An efficient multi-objective optimization method for uncertain structures based on ellipsoidal convex model

  • Xin LiuEmail author
  • Xinyu Wang
  • Lin Sun
  • Zhenhua Zhou
Research Paper


Compared with the interval model, the ellipsoidal convex model can describe the correlation of the uncertain parameters through a multidimensional ellipsoid, and whereby excludes extreme combination of uncertain parameters and avoids over-conservative designs. In this paper, we attempt to propose an efficient multi-objective optimization method for uncertain structures based on ellipsoidal convex model. Firstly, each uncertain objective function is transformed into deterministic optimization problem by using nonlinear interval number programming (NINP) method and a possibility degree of interval number is applied to deal with the uncertain constraints. The penalty function method is suggested to transform the uncertain optimization problem into deterministic non-constrained optimization problem. Secondly, the approximation model based on radial basis function (RBF) is applied to improve computational efficiency. For ensuring the accuracy of the approximation models, a local-densifying approximation technique is suggested. Then, the micro multi-objective genetic algorithm (μMOGA) is used to optimize design parameters in the outer loop and the intergeneration projection genetic algorithm (IP-GA) is used to treat uncertain vector in the inner loop. Finally, two numerical examples and an engineering example are investigated to demonstrate the effectiveness of the present method.
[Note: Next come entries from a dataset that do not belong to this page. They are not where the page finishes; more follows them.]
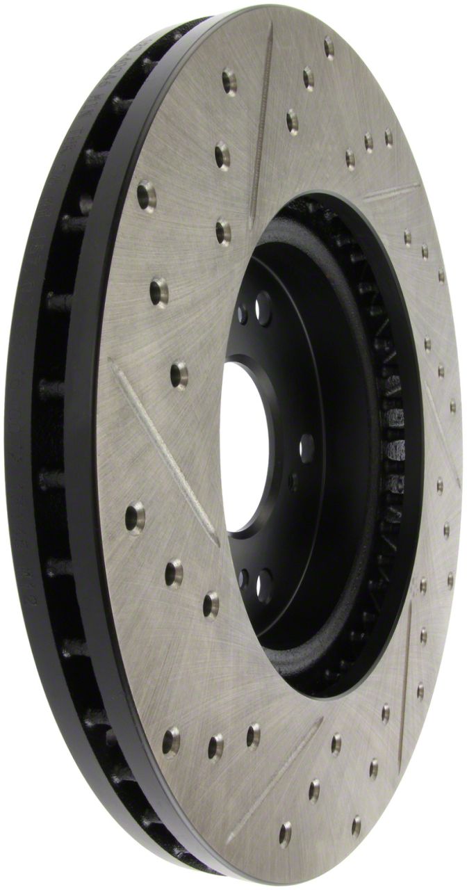 StopTech Drilled and Slotted Sport Rotors are 1-piece direct replacement brake discs for factory brake systems and stock calipers that look great behind your wheels and offer significantly improved braking performance. The unique cross-drilling and slotting aids with heat and brake dust dispersal; prevents glazing of the pads; adds bite and improves wet and dry braking performance. Built to last; the black e-coating provides protection from corrosion and the high carbon metallurgy (in most applications) offers quieter operation; better crack resistance and increased performance.
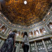 Il tetto originario a volta è diventato – con il progetto di Ellen van Loon di OMA – un volume compatto di vetro. La configurazione del nuovo tetto crea un cortile all’aperto tra il nuovo inserto architettonico e il resto dell’edificio.
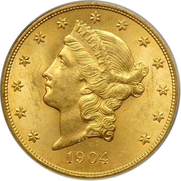 1904 $20 Liberty. PCGS graded MS-63. Housed in an Old Green Holder. Rich golden toning with splendid frosty luster (PCGS # 9045) .
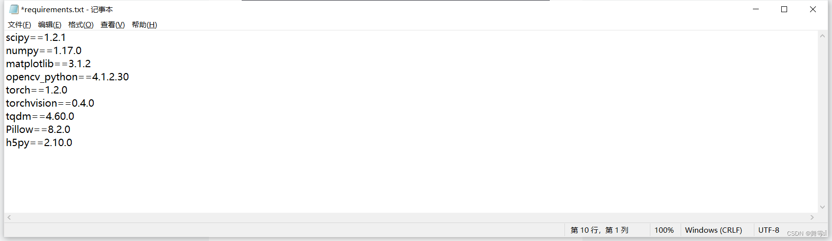 如果想要更便捷的安装可以在桌面或者其它地方创建一个requirements.txt文件,复制上述内容到txt文件中。

Uncertainty structures Multi-objective optimization Ellipsoidal convex model Local-densifying approximation technique 



The authors would also like to thank anonymous reviewers for their valuable comments.

Funding information

This work is supported by the National Natural Science Foundation of China (Grant No.51775057), the Hunan Provincial Natural Science Foundation of China (No.2017JJ3323), the Research Foundation of Education Department of Hunan Province (No.16B014), and the Science Foundation of State Key Laboratory of Mechanical Transmissions (No.SKLMT-KFKT-201609).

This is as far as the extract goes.